Christopher Bell Erwin (born April 26, 1962) is an American politician. He is affiliated with the Republican Party, and was elected a member of the Georgia House of Representatives in 2018. Erwin represents the 28th district, which covers the entirety of Banks County and Stephens County, as well as the eastern region of Habersham County in northeast Georgia.

==Pre-political career==
Before becoming a representative, Erwin was a business director for Carroll Daniel Construction Company, and a school administrator in Carroll and Henry counties. He was the superintendent of the Banks County School System for eleven years. Erwin was named Banks County Citizen of the Year in 2006, and was voted Georgia School Superintendent of the Year in 2013.

== Political career ==
Erwin initially defeated incumbent Dan Gasaway in a close election in the May 22, 2018 Republican primary. Gasaway challenged the results, claiming that there were votes cast outside of the district for the election. Stacey Abrams cited the election as an example of election fraud under Georgia Secretary of State Brian Kemp, her opponent in the 2018 Georgia gubernatorial election.
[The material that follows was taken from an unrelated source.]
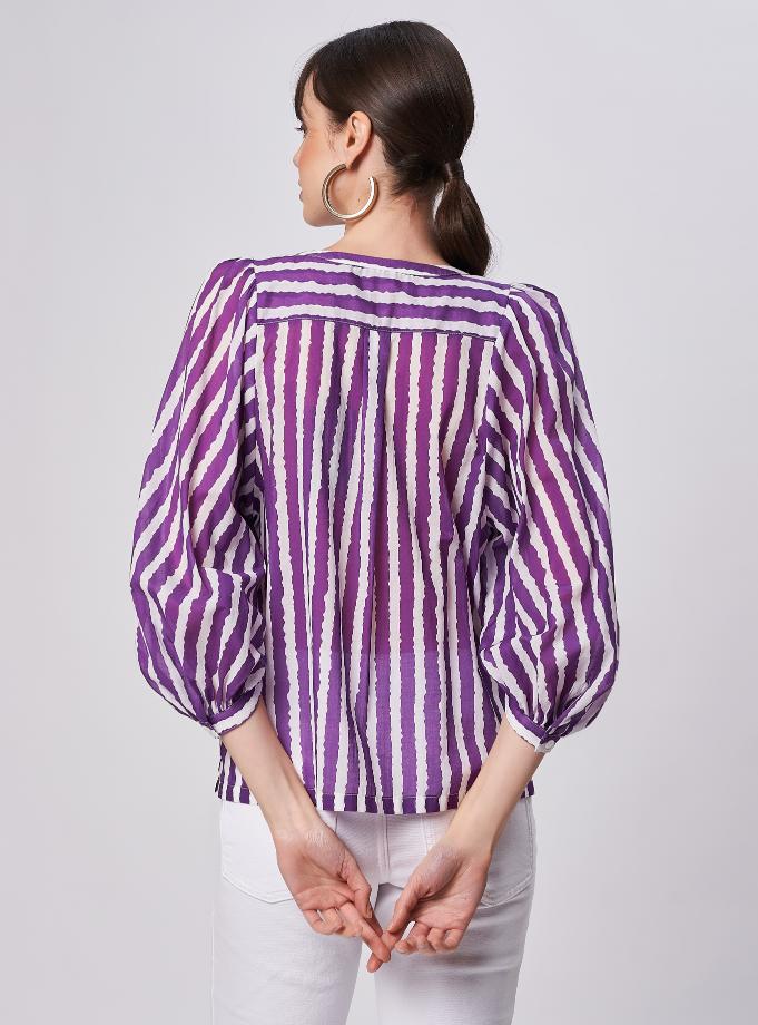 Camicia dalla vestibilità regolare. Scollo a "V" con cinturino rotondo piatto alla coreana. Spalla leggermente arricciata e manica ampia a sbuffo 3/4 corto con polsino basso e un bottone. Carrè dietro con cannoncino. Lunghezza fianco.
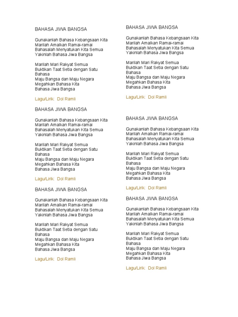 Lirik Lagu Bahasa Jiwa Bangsa Pdf

A judge for Banks County ruled in favor of Gasaway's challenge and a special election was held on December 4, 2018. Erwin won the race by a closer margin of two votes. After being sworn in as the new representative, Erwin was temporarily removed from the House, due to a court order allowing Gasaway to challenge the results again. A final election was held April 9, 2019, in which Erwin won with 75% of the vote.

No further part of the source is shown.